TVR 2016 evaluates the sustainability performance of 22 global companies, assessing company preparedness and, for the first time, an evaluation of sector criteria – the degree to which a company’s activity on selected sustainability related aspects (weighted by sector) is delivering business value.
Targets remain lacking
Companies continue to perform poorly with regards to corporate target setting. The TVR 2016 finds that targets are too often vague and accountability for their achievement is unclear. In setting targets, the wider supply chain is often not considered to fully understand where the company has the ability to influence their impact effectively.
Materiality middle ground
Few companies are able to demonstrate leadership in stakeholder engagement and materiality in this year’s research, yet few are doing it badly. Most companies occupy the middle ground – they selectively engage with stakeholders but lack a formal process for their identification and how to define the issues the issues they engage on. The results of engagement do not feed back into corporate strategy.
Innovation capacity
Comparing corporate strategy scores against an organisation’s capacity to innovate we observed a strong correlation. R&D spend as a proportion of revenue increases the closer an organisation is to demonstrating leadership in sustainability strategy.

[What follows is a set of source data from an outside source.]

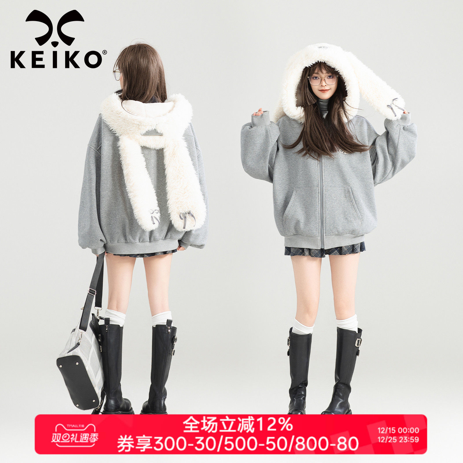 KEIKO 可爱兔耳连帽灰色宽松外套女25秋冬慵懒休闲拉链卫衣开衫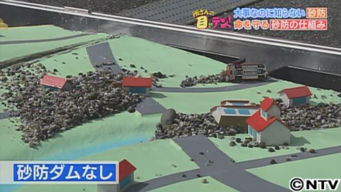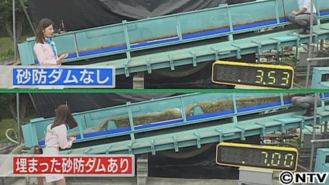 日本各地で土石流を防ぐ砂防ダム。一体どんな効果があるか、川と町のモデルを使い、実験してみました。砂防ダムなどが整備されていない場所に土石流を模した石と水を流してみると、土石流がさえぎられることなく流れていき、人々が生活している地域を襲います。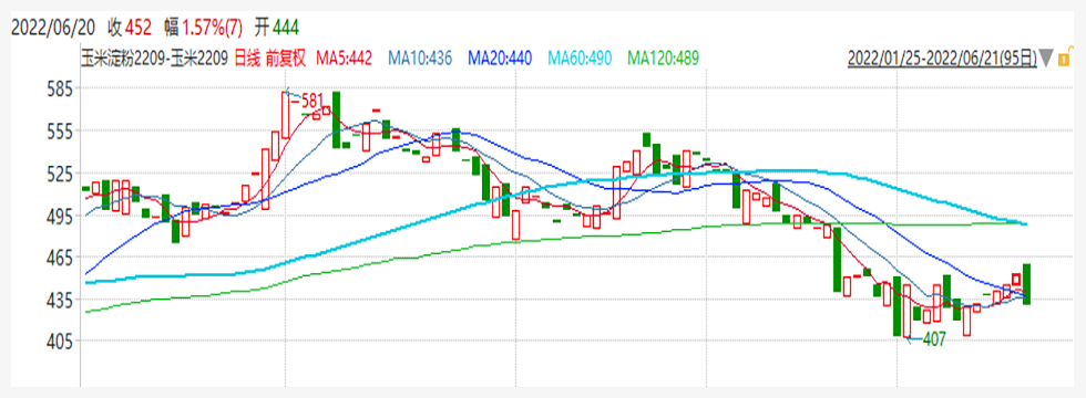 全国疫情有所好转,下游需求处于恢复增长阶段,玉米淀粉需求出现阶段性回升。木薯淀粉价格高企,高于玉米淀粉约700元/吨左右,玉米淀粉在造纸行业中用量明显增加。目前玉米淀粉现货价格趋于平稳,现货报价区间维持在3250-3550元/吨,前期累库状况有所减缓,短期现货行情呈现高位震荡走势,在成本压力下企业挺价心理较强。玉米方面,南方饲料企业库存充足,养殖需求疲软,玉米成交量萎缩。替代品方面,定向稻谷拍卖,部分替代饲用玉米需求,进口玉米库存充足,利空玉米市场。玉米现货价格维持弱势整理。 策略建议:多玉米淀粉空玉米09,该策略为6月20日新推出跨品种套利策略,可适当加以关注,若差价下破424取消关注。

Engagement from senior management
Unsurprisingly, there is close correlation with companies that demonstrate sound governance principles and those that perform well in terms of company preparedness. However, demonstrating good governance structures and supporting polices is not sufficient to guarantee good performance; our research found no link between governance and sector value. Good governance ensures senior management are given the responsibility to deliver upon sustainability commitments and drives management behaviour and performance.
Board Composition
A notable highlight from our research is the link between board independence and overall TVR score; high rates (in some cases over 90%) of independence are shown by the companies that score highly overall.
Tax consistency
Amongst the companies included in the TVR 2016, tax paid (as % of reported profit) in the past financial year was consistently around or above 20%. In response to a number of high profile cases in the media we can see companies responding and being more transparent around the tax they pay.